Selangor Journal

Debt Management Committee approves Putrajaya’s 2020 Borrowing Programme

KUALA LUMPUR, Dec 6 — The Debt Management Committee (DMC) has endorsed the Federal Government’s 2020 Borrowing Programme, which includes the option of issuing an additional tranche of the Samurai bond.

Finance Minister Lim Guan Eng in a statement today said the decision was made during the DMC meeting on December 2, where the committee had also discussed on action plans to manage the government’s debt and liabilities.

“The committee also highlighted the importance of containing government guarantees (GG) and public-private partnership (PPP) obligations to avoid unnecessary intergenerational transfers of debt burden, where our children will be paying our debts,” he said.

He said the committee evaluated existing and additional GG facilities, as well as the best practices in assessing and monitoring contingent liabilities using the latest financial technology.

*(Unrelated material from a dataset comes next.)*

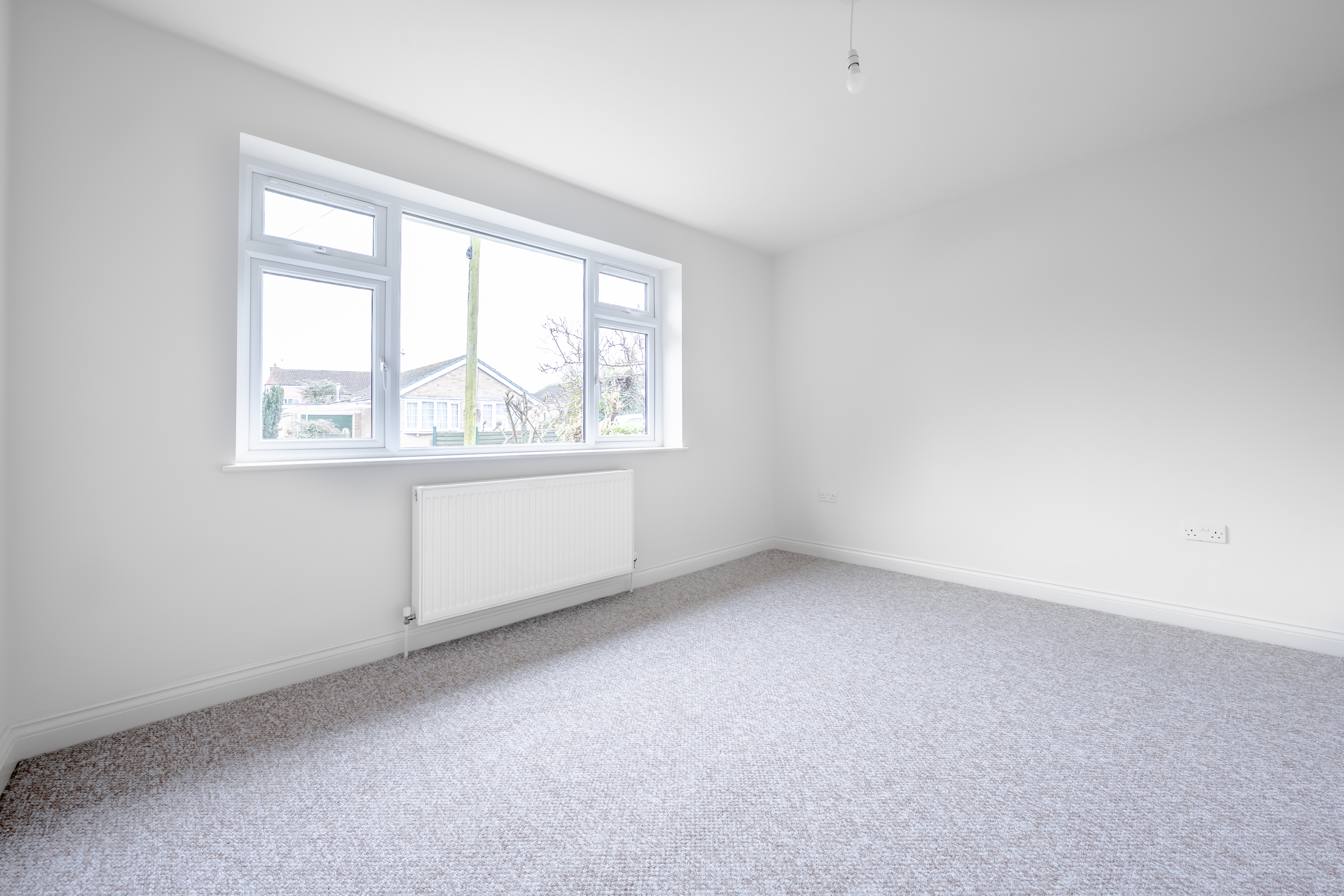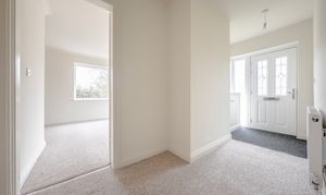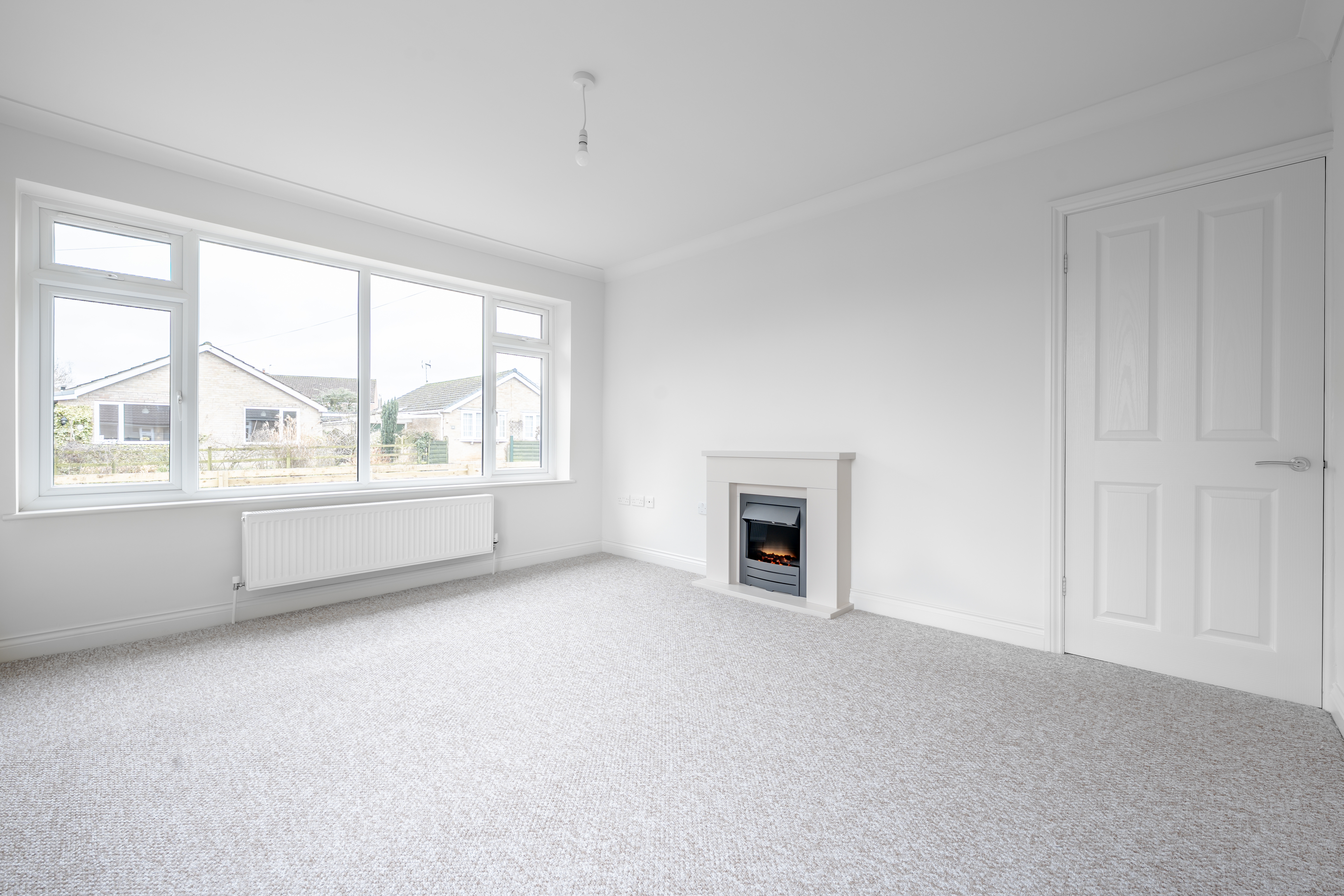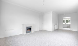 The accommodation opens into a welcoming entrance hall with a useful built-in storage cupboard and access to all rooms. To the right lies a spacious open-plan living/dining room, offering ample space for both seating and a dining table, centred around a feature fireplace. Large windows to the front and side flood the room with natural light.

Lim said the government is committed to consolidate its overall debt and liabilities, adding that in the medium-term, the government targets to lower its debt and liabilities to 65 per cent of gross domestic product (GDP) by end-2025 from 77.1 per cent as of end-June 2019.

“Debt and liabilities (as at end-June 2019) comprised of government’s direct debt (52.6 per cent), committed government guarantees (10.4 per cent), 1MDB debt (2.1 per cent) and other liabilities, namely PPP, Pembinaan BLT Sdn Bhd and private finance initiatives (12 per cent),” he said.

On Malaysia’s total external debt, which stood at RM931.1 billion as of end-June 2019, Lim said only RM190 billion of the external debt belonged to the government through its direct debt.

“External debt is different from the government’s direct debt as it comprises individual, corporate and government debt held by foreigners, as well as offshore borrowings and non-resident deposits,” he said.

Lim said direct debt in the first quarter of 2018 stood at RM705 million, which rose to RM799.1 billion in the second quarter of 2019.

“The RM94.1 billion increase in direct debt-financed development expenditure, fiscal deficit and debt repayments, including 1MDB,” he added.